### [YOUR INSTRUCTIONS]
Leave the pictures out, and repeat exactly each line from the one that holds "伴随着激昂的《运动员进行曲》" through the final line of the entries below.

### [Records drawn from a dataset]
☆ ☆ ☆

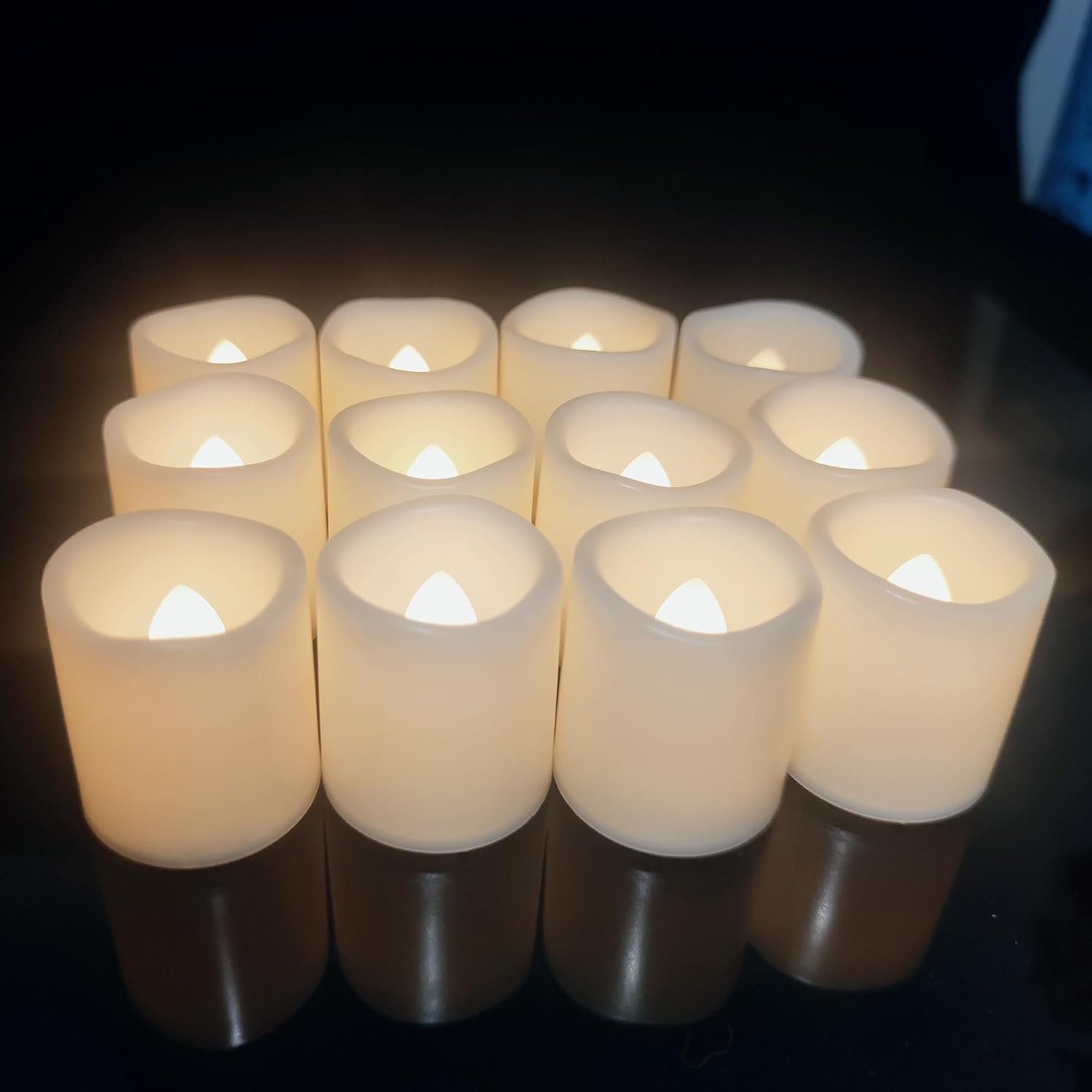 - [Used in Various Occasions] - The electric tealights are ideal for homes, kids room, restaurants, dinner table hotels, bars decor, birthdays, anniversaries, memorial decorations. You can place them where you want as tabletops, bookshelves, wishing bottles, pretty votive holders, gift bags, into the tree itself,into greenery or flower arrangements, etc
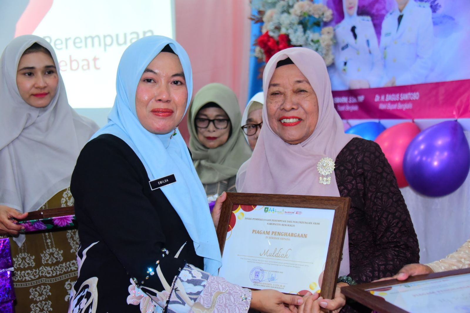 Penghargaan tersebut diserahkan langsung Kepala Dinas DPPPA Kabupaten Bengkalis pada rangkaian Peringatan Hari Ibu ke-97 Tahun 2025, Ahad, 28 Desember 2025 di gedung GOW Bengkalis sebagai bentuk apresiasi atas peran strategis perempuan dalam menjaga nilai sosial, pendidikan, kesehatan, serta penguatan ketahanan keluarga dan ekonomi masyarakat di Negeri Junjungan.
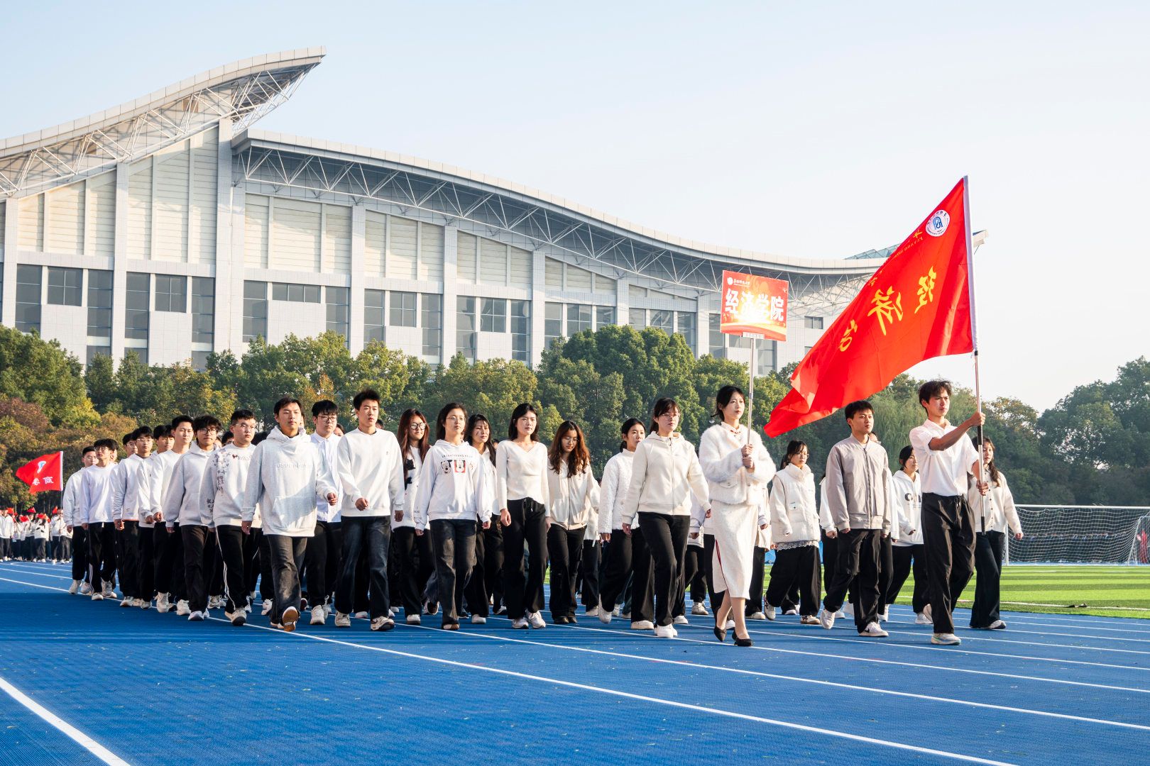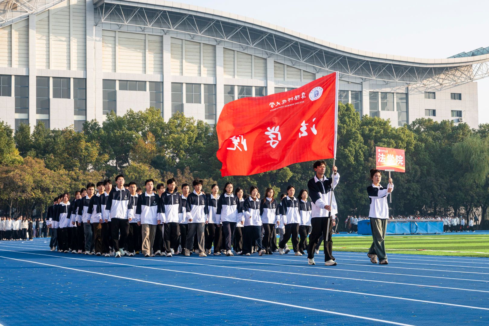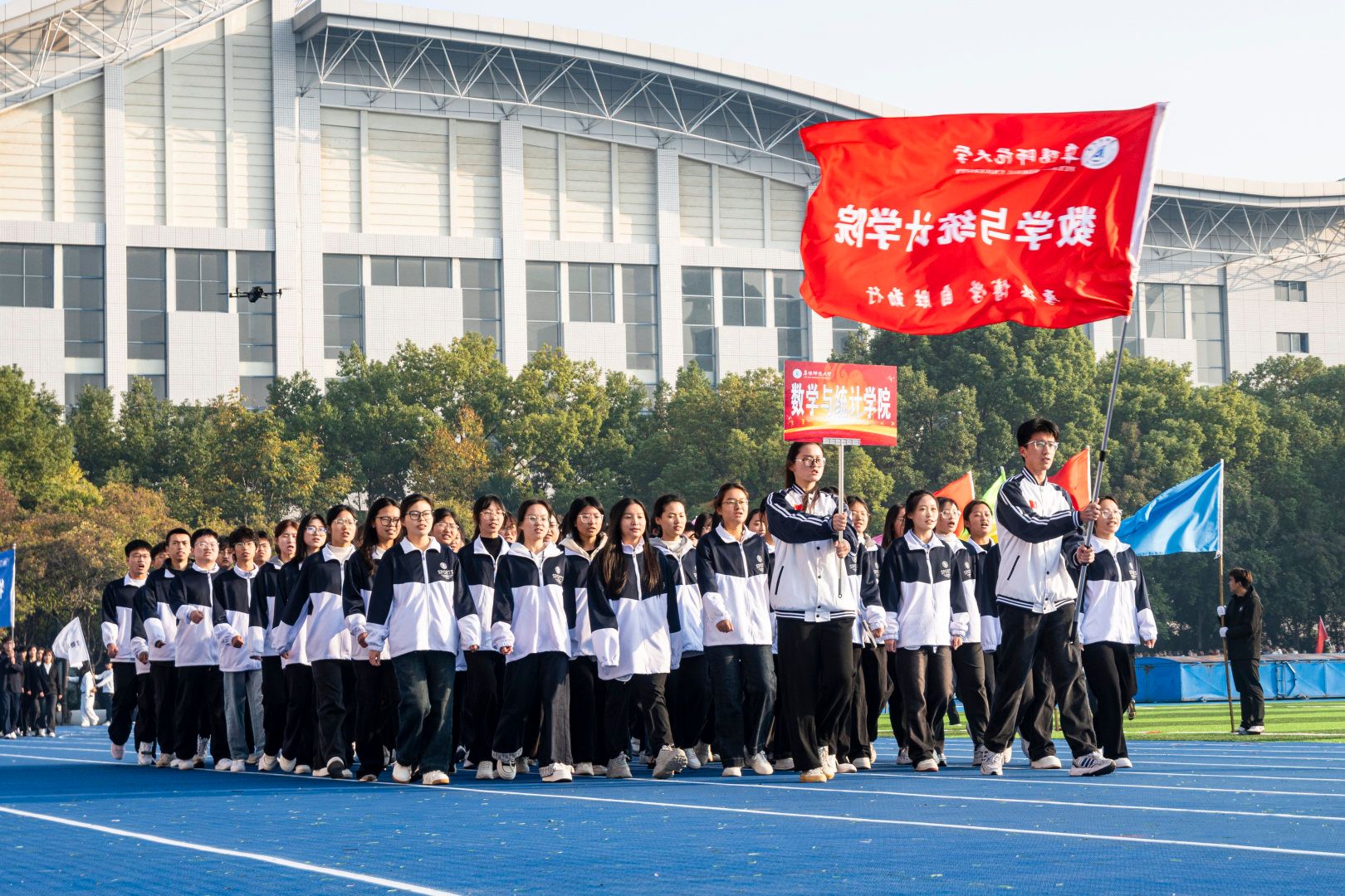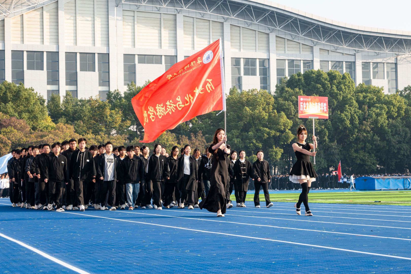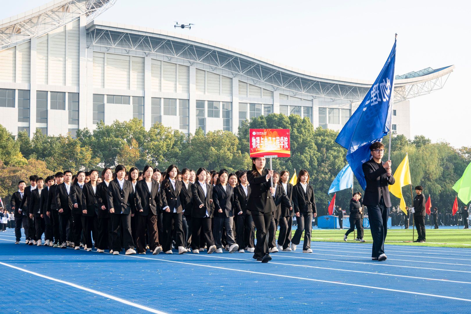 伴随着激昂的《运动员进行曲》,首先入场的是国旗方阵,五星红旗表现了中国共产党领导下的革命人民大团结;随后入场的是校旗队、会旗队、全体运动员及各学院方阵,旌旗招展,彩旗飘扬,各学院方队彰显学院特色,精彩纷呈。
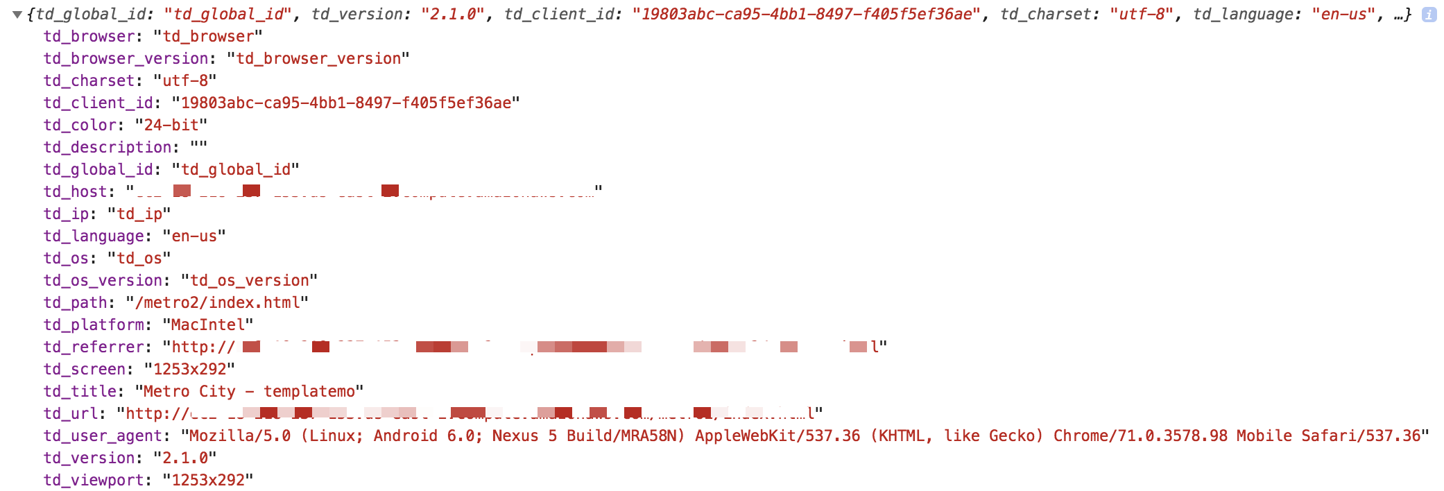 If the user selects Decline on the cookie consent prompt, the following fields (td_ip, td_client_id and td_global_id) are not sent on any subsequent page visits by this user:
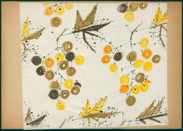Disegno per tappezzeria ai grandi magazzini la Rinascente. decorazione con grappoli d'uva per tappezzeria
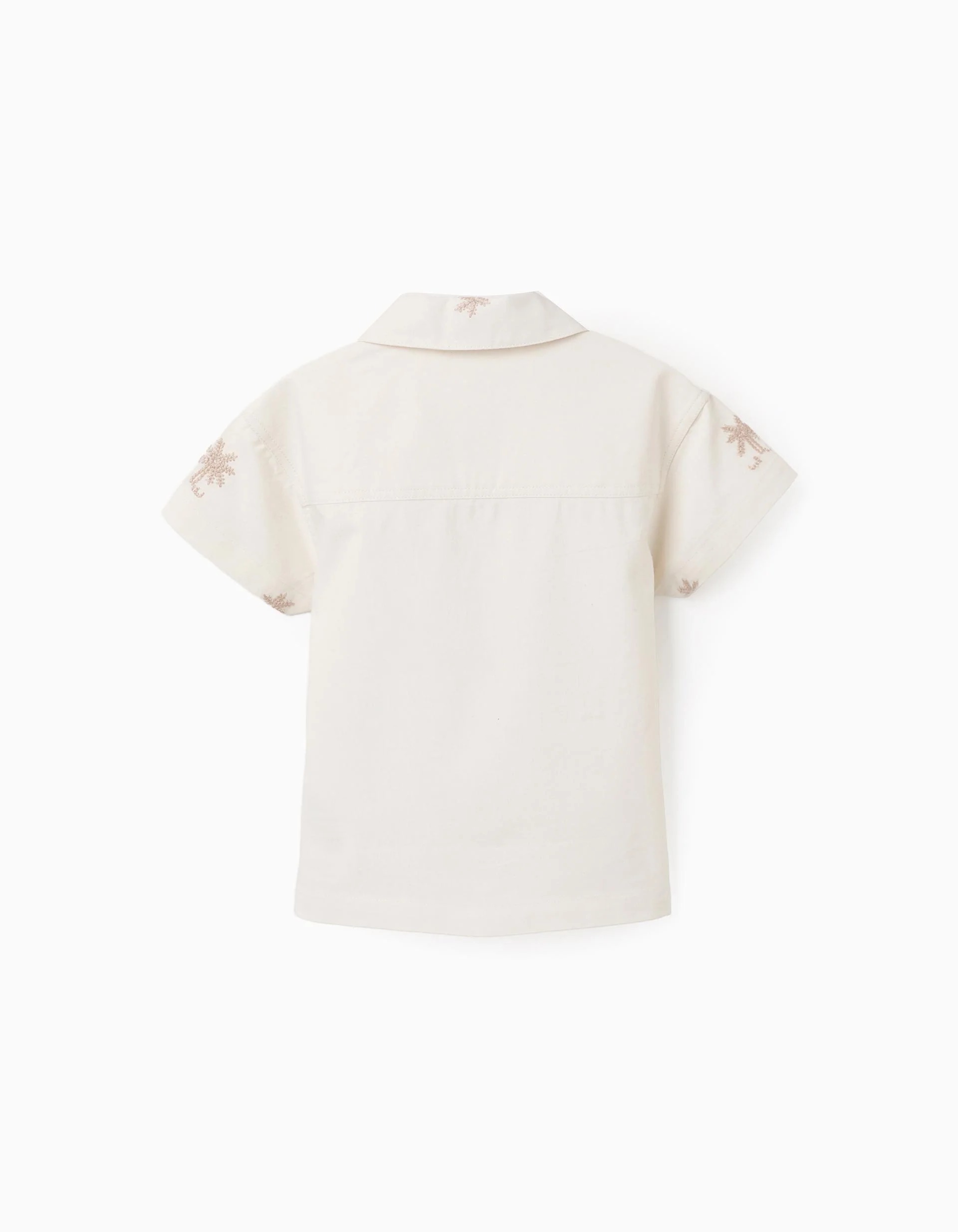 Chemise en coton avec palmiers brodés pour bébé garçon, beige clair

☆ ☆ ☆

### [YOUR RESPONSE]
 伴随着激昂的《运动员进行曲》,首先入场的是国旗方阵,五星红旗表现了中国共产党领导下的革命人民大团结;随后入场的是校旗队、会旗队、全体运动员及各学院方阵,旌旗招展,彩旗飘扬,各学院方队彰显学院特色,精彩纷呈。
 If the user selects Decline on the cookie consent prompt, the following fields (td_ip, td_client_id and td_global_id) are not sent on any subsequent page visits by this user:
Disegno per tappezzeria ai grandi magazzini la Rinascente. decorazione con grappoli d'uva per tappezzeria
 Chemise en coton avec palmiers brodés pour bébé garçon, beige clair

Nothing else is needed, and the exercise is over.